A mixed-orientation marriage is a relationship where the spouses do not share the same sexual orientation. There are many variations. Most commonly one spouse is gay or bisexual and one is straight. Mixed-orientation marriage also happen with a lesbian or gay spouse and a straight spouse, or asexual spouse and a sexual spouse. In short the person we fall in love with and wish to spend the rest of our days with does not always match our sexual orientation or our gender identity may not fit the societal expectations. When two people in a relationship have differing sexual orientations or gender identities this creates what is commonly known as a mixed orientation relationship. When married it is known as a mixed orientation marriage or MOM.

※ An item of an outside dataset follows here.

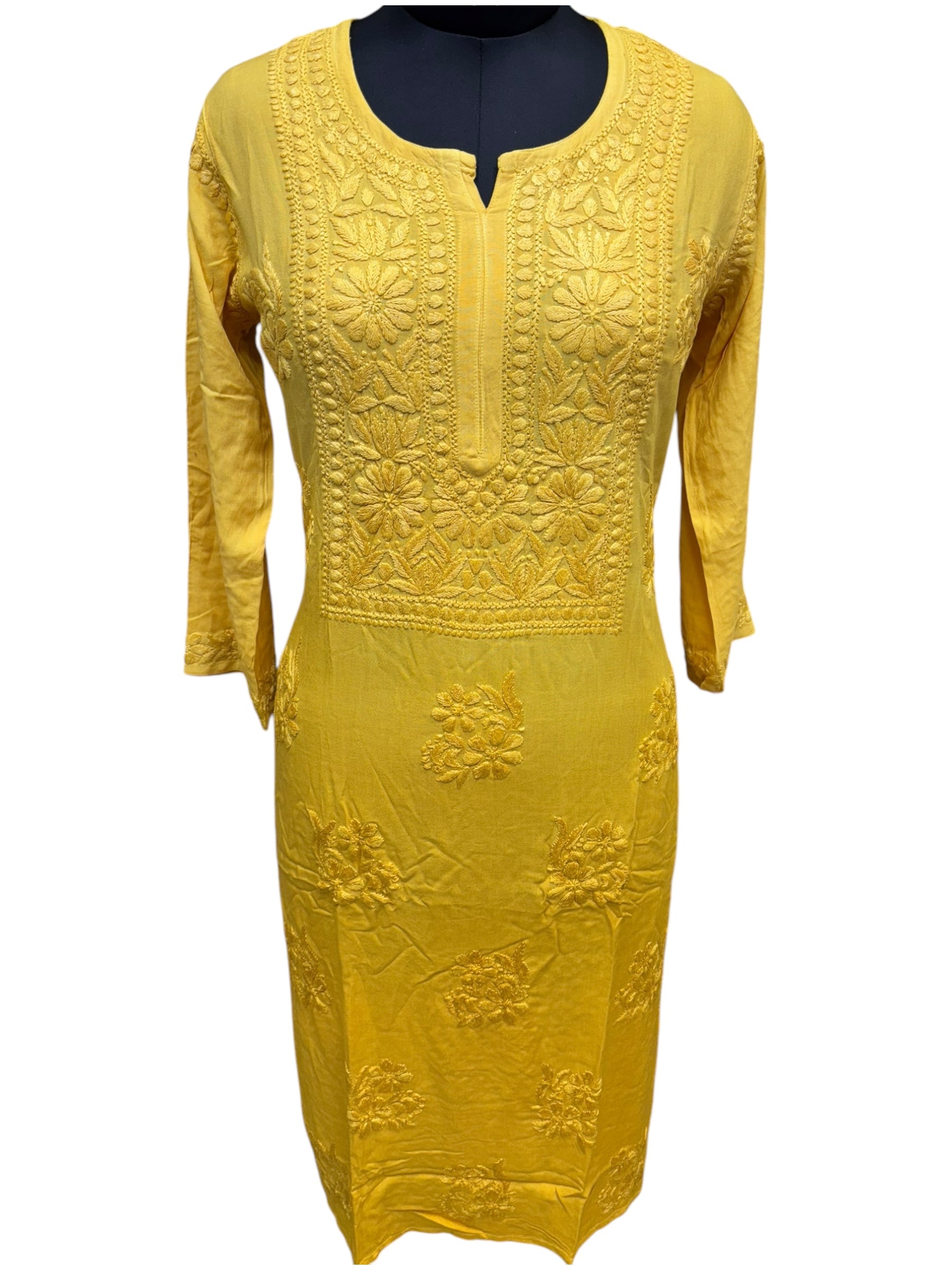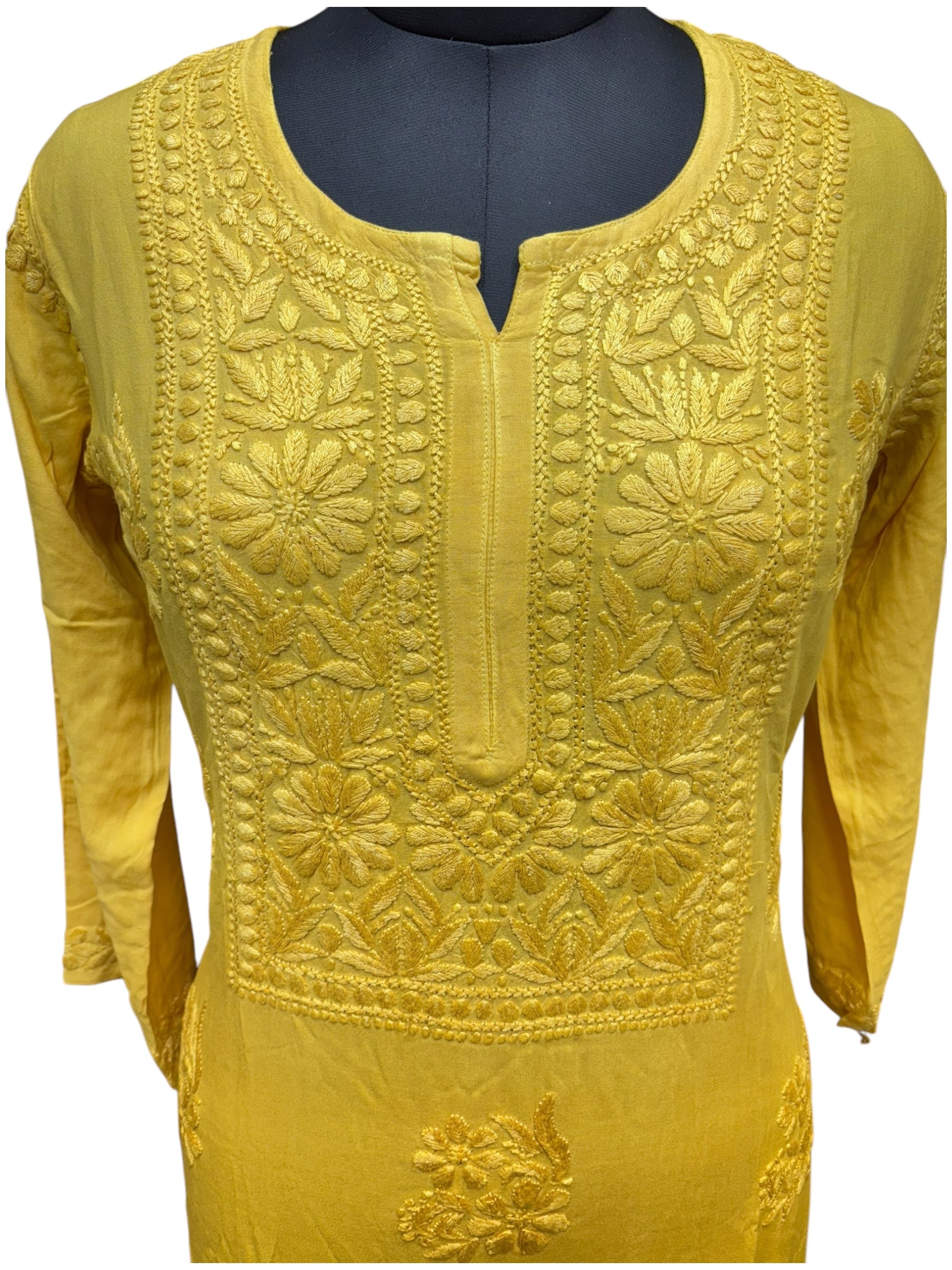 • This Chikankari Modal Kurti features exquisite 3D embroidery with resham thread, adding a unique texture and depth to the traditional craftsmanship.

It is important to understand that mixed orientation relationships come in many different varieties and one should not make any assumptions about what this means. Some gay husbands are just bi enough to really want to be married to their wives. Some bisexuals are totally monogamous and say they fall in love with the person and not the gender. It is true that some bisexuals truly need more than the gender of their husband wife or partner but again marriages that include some sort of accommodation of same sex needs that is done with love acceptance and understanding happily by all involved should have no effect on how we live our lives.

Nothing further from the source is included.